The Second Version

01/04/08

Authoritarian Measures?

Kim Du Toit is no fan of the metric system. He wrote that the metric system is authoritarian, because it sets arbitrary objects (a mass of metal and a length between two incisions) as fundamental units.

Leaving aside the fact that the definition of units is a tad more complex than that (here's a comprehensive list of units of measurement) and their history can be quite convoluted, it is necessary for units of measurement to be both arbitrary (to a degree) and imposed by an authority.

I suppose that humans understood the need for standard units (of mass and length, but probably also time) soon after commerce was introduced. Because commerce between buyes and sellers that can't agree on measurement units would just degenerate into useless chaos and quarrels. Even if the different parties can not or want not to adopt common units, they would still need their own standard units so that accurate conversions can be worked out.

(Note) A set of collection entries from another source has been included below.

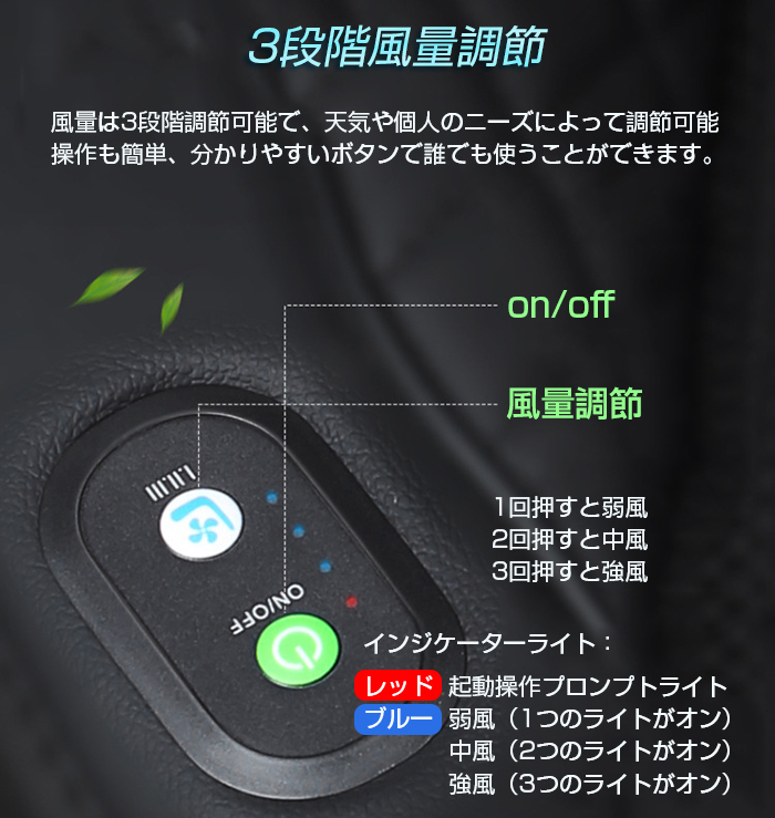 風量は3段階調節可能で、天気や個人のニーズによって調節可能操作も簡単、分かりやすいボタンで誰で も使うことができます。
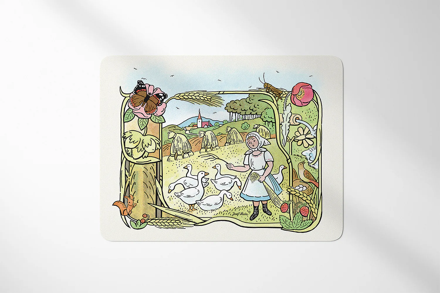 Prostírání z kolekce Josef Lada vnese do vaší jídelny kouzelnou atmosféru. Rozměry: 35x45 cm Materiál: PVC Frontlit - měkký banner s plošnou hmotností 510 g/m2. Matný hladký povrch. Spodní strana...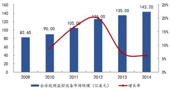 經過多年的發展,全球安防視頻監控行業市場規模不斷增長。一方面,隨著全球恐怖攻擊、意外事件不斷發生,促使全球重視安全議題,人們安全防范意識逐漸增強,對安全防范的需求增長較快。另一方面,隨著全球經濟的發展、科技的進步及資本的推動,安防監控產品不斷更新換代,產品功能越來越豐富,進一步增強了安防視頻監控產品的吸引力,從而使其不斷向各個下游應用行業滲透。此外,由于發展中國家城市化進程加速、基礎設施投資增加等因素,其對安防產品需求更為強烈。數據顯示,2014 年,全球安防視頻監控設備的市場規模由 2009 年的 82.65 億美元增長了73.26%,達到了143.20 億美元,年復合增長率為11.62%。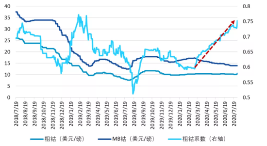通过对钴价和供需结构的长期跟踪,国泰君安有色团队看到5-6月中国钴原料进口下滑一半,钴行业月度供需显著短缺,目前钴原料供应紧张,粗钴系数大幅上涨。有色团队分析三季度中国钴原料进口仍将维持同比下滑趋势,整体产业链钴产品库存出现快速去化,未来原料短缺将逐步向钴产品短缺去传导,钴价看涨至40万/吨。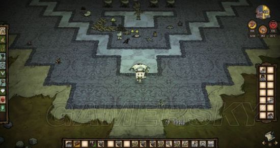 1、出生后把周围的材料采了然后靠火把连夜的赶路,争取用最短的时间把地图探个大概,不需要全部黑色区域探完(强迫症注意),只要探出猪王、沼泽、荒漠、矿区、有牛的草原、冬象窝等重要的地方在哪就行了。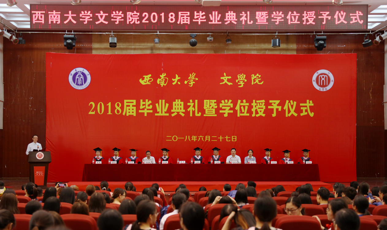 6月27日下午,76net必赢官网2018届毕业典礼暨学位授予仪式在圆顶一楼报告厅隆重举行。副校长丁忠民,76net必赢官网院长王本朝、党委书记黄杰、副书记何定龙、副院长肖胜伟、副书记陈玥、副院长张春泉;李永东教授、李应志教授、何宗美教授、黄大宏教授,曹建教授、黎萌教授出席,全体辅导员、教师代表、家长代表以及2018届全体毕业生参加仪式。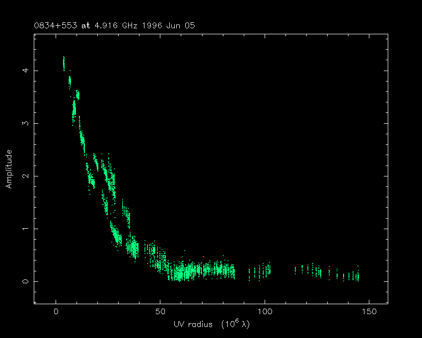 Correlated flux density (Jy) vs. projected baseline length plot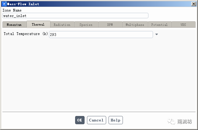 (2)在边界条件面板中,设置water inlet的边界类型为mass-flow inlet,Mass flow rate输入0.3,在Thermal选项卡中,Temperature输入293,单击OK按钮确认退出。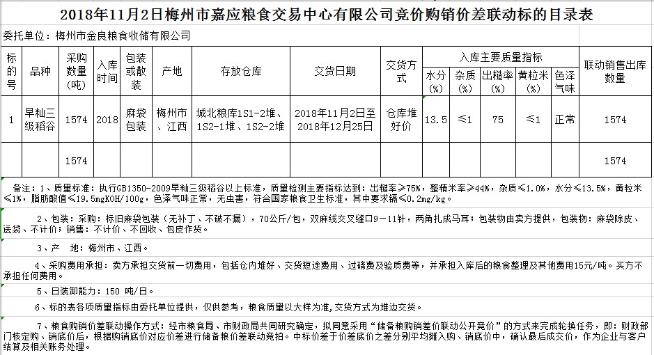 受客戶委托,梅州市嘉應(yīng)糧食交易中心有限公司定于2018年11月2日(星期五)舉辦稻谷購銷價(jià)差聯(lián)動(dòng)標(biāo)的交易會(huì),梅州市金良糧食收儲(chǔ)有限公司擬銷售和采購早秈稻1574噸。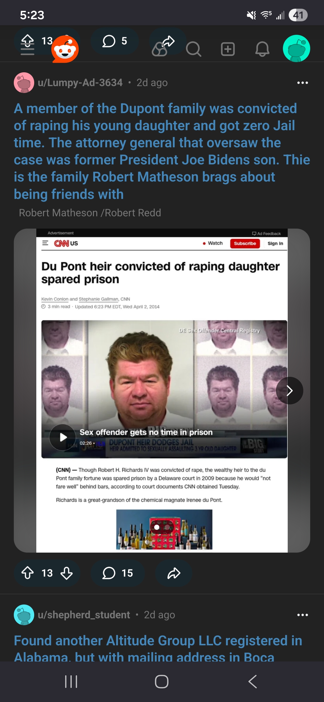 Looking up possible altitude group emails on TruePeopleSearch.com, we found a Jody Stweart who has an email altitudegroup@gmail.com, lives and has previous addresses in locations on her card, and one of her previous addresses listed is EPSTEINS ZORRO RANCH. She was able to be found on Facebook, and there are pictures of her at Epstein’s Zorro Ranch and with the ranch managers that you can easily publicly find.Also on the card is the logo for RobertRedd.com. The owner’s name is Robert Mathesons and Rahul Maitra worked as an accountant for his website.Matheson is a descendant of James Buchanan and the founder of the Dow chemical company. He wrote a few articles in Forbes magazine bragging about flying around the world with celebrities.His website is full odd and supposedly sells shirts. It offers memberships for $5000 and seems like the most obvious child trafficking website front of all time.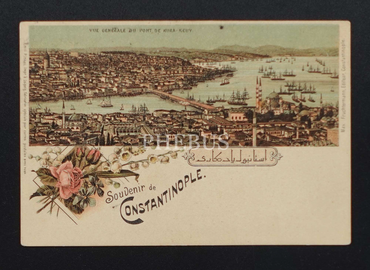 Karaköy Köprüsü´ne panoramik bakış, "Vue Generale du Pont de Kura-Keuy", ed. Emil Pinkau, Leipzig, 14x9 cm...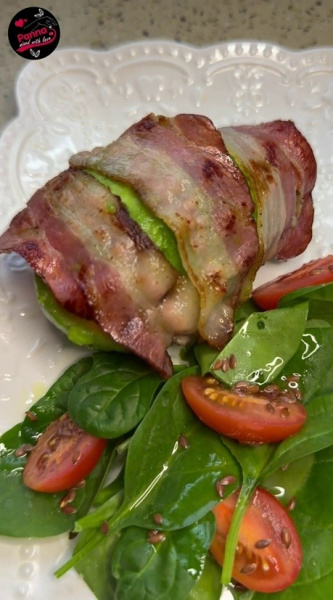 Вийшло з другої спроби, бо є нюанси) Авокадо має бути не геть маленьким, а бекон не варто замінювати хамоном. Бо він не дуже добро вертиться і тримається) А так врахуйте це і пробуйте. Дуже смачно і неймовірно красиво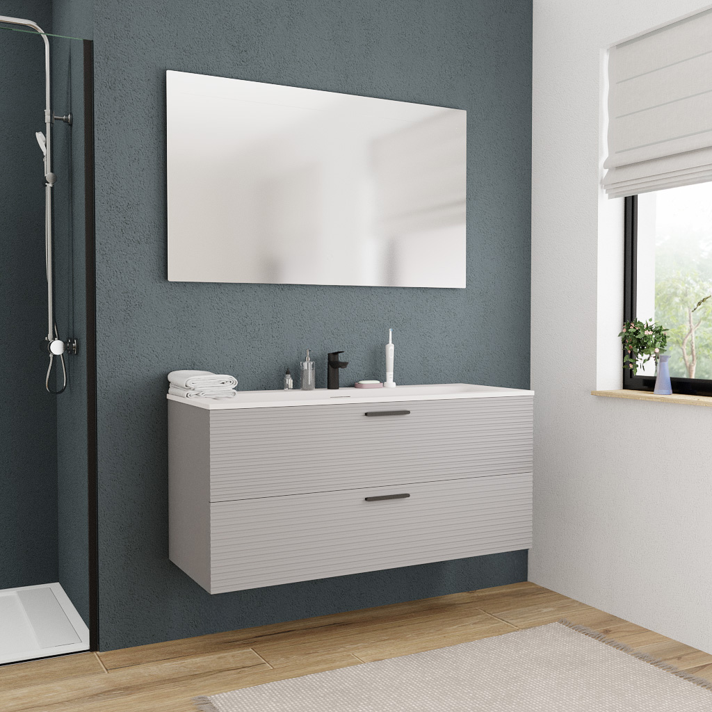 Nom du produit : Meuble de salle de bain + Vasque à encastrer Ceramia Gris Perle – 120 cm

But how can standard units be defined? Here is where some level of arbitrariety is required. The size of limbs varies sensibly from one person to the other, and seeds of the same plant (often used as mass units) become bigger or smaller with location and time. In the end it is necessary to take a certain value for an unit and declare it to be the standard, even if the most popular value is different. This is exactly what king Henry I did in the 12th century with the yard - so much for the meter being authoritarian.

I can concede that some metric units are more arbitrary than others (loosely) based on natural quantities, but to me that is just splitting hairs, frankly.

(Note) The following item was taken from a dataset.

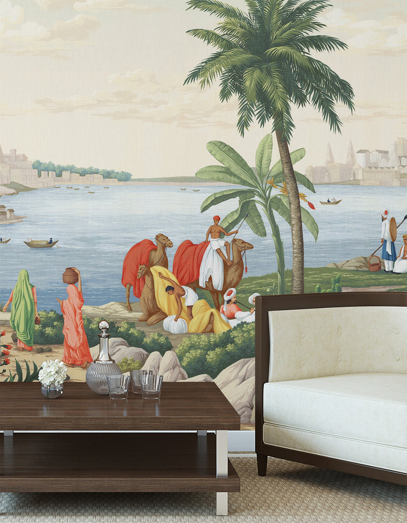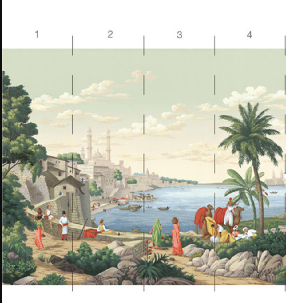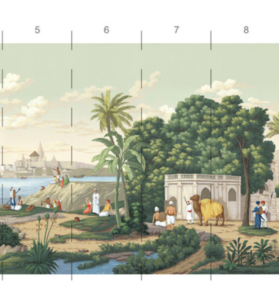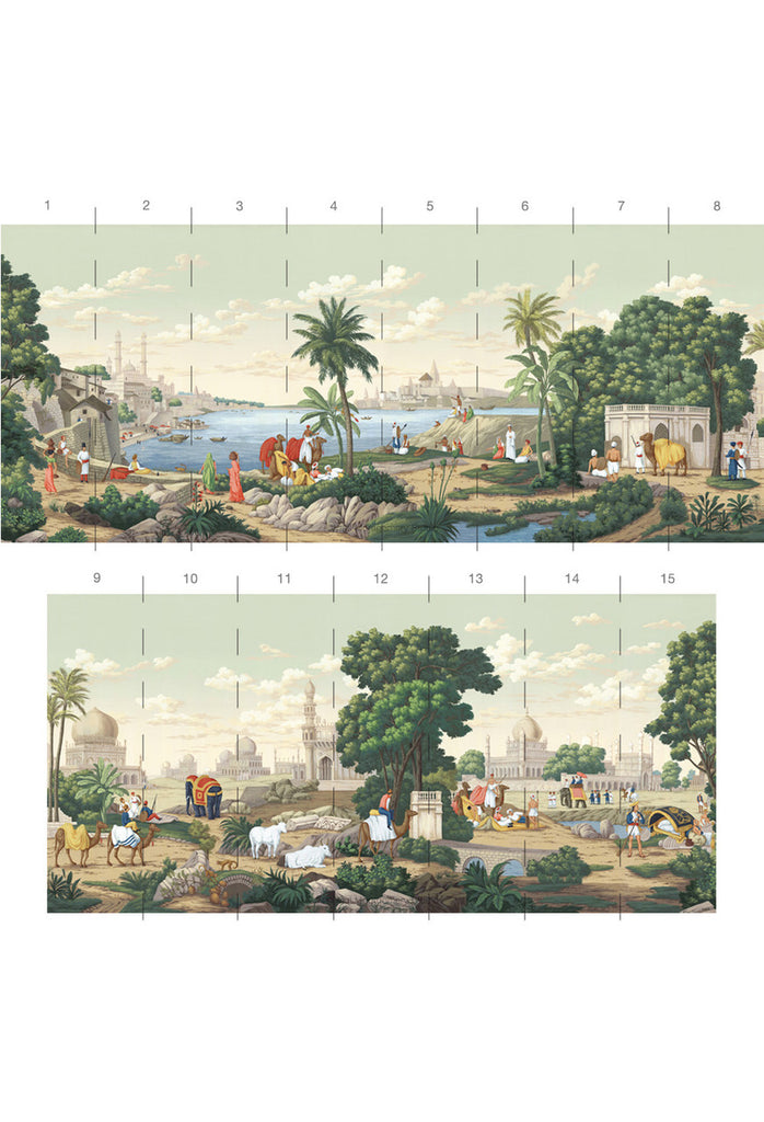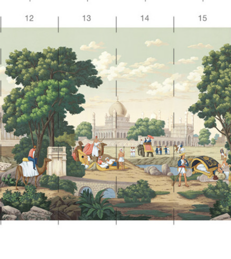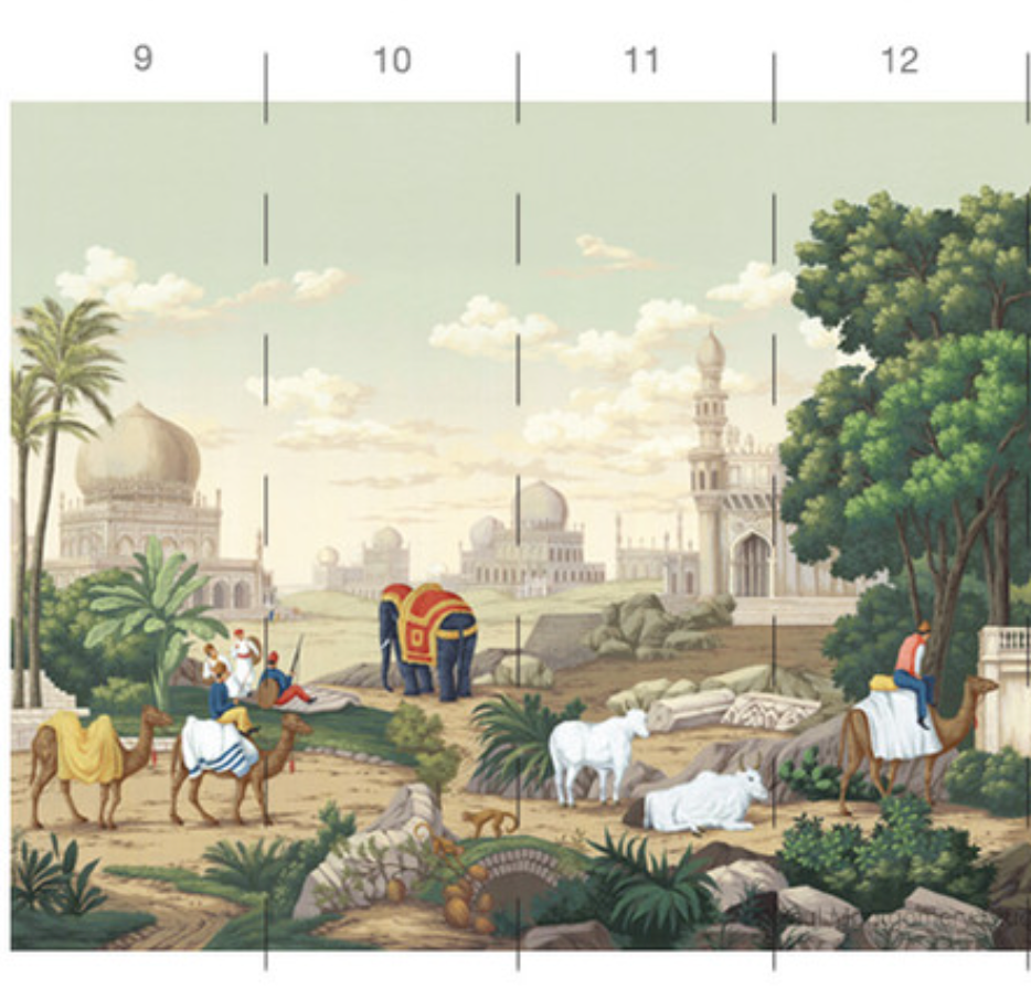 India is a romantic depiction of classical India filled with elephants, camels, temples and iconic Indian architecture. 15 Panels Available in Full Length/Headers/Footers, Sold in individual Panels, Width: 36", Design Height: 120", Total Height: 108", India,Paul Montgomery Studios

Then, an authority is required to vigilate that the standards are not tampered with or damaged, and that the units used in commerce and trade - either because of mistakes and errors, or malice - do not stray too far away from the standards. Without such vigilance, chaos is bound to return.

Now, we can discuss on which scale the standardization should occur, but anything smaller than national scale is in my opinion exceedingly impractical nowadays. The standardization scale is determined by practical needs - mainly, of commerce and trade, so it is by no means fixed. By the way, the US yard is defined on the basis of the meter since 1893.

I also think that if a group of people can agree on measurement units to use between themselves, they should be able to do it without government interference. However, when they want to relate with the government or the public at large, the must adopt the standard units.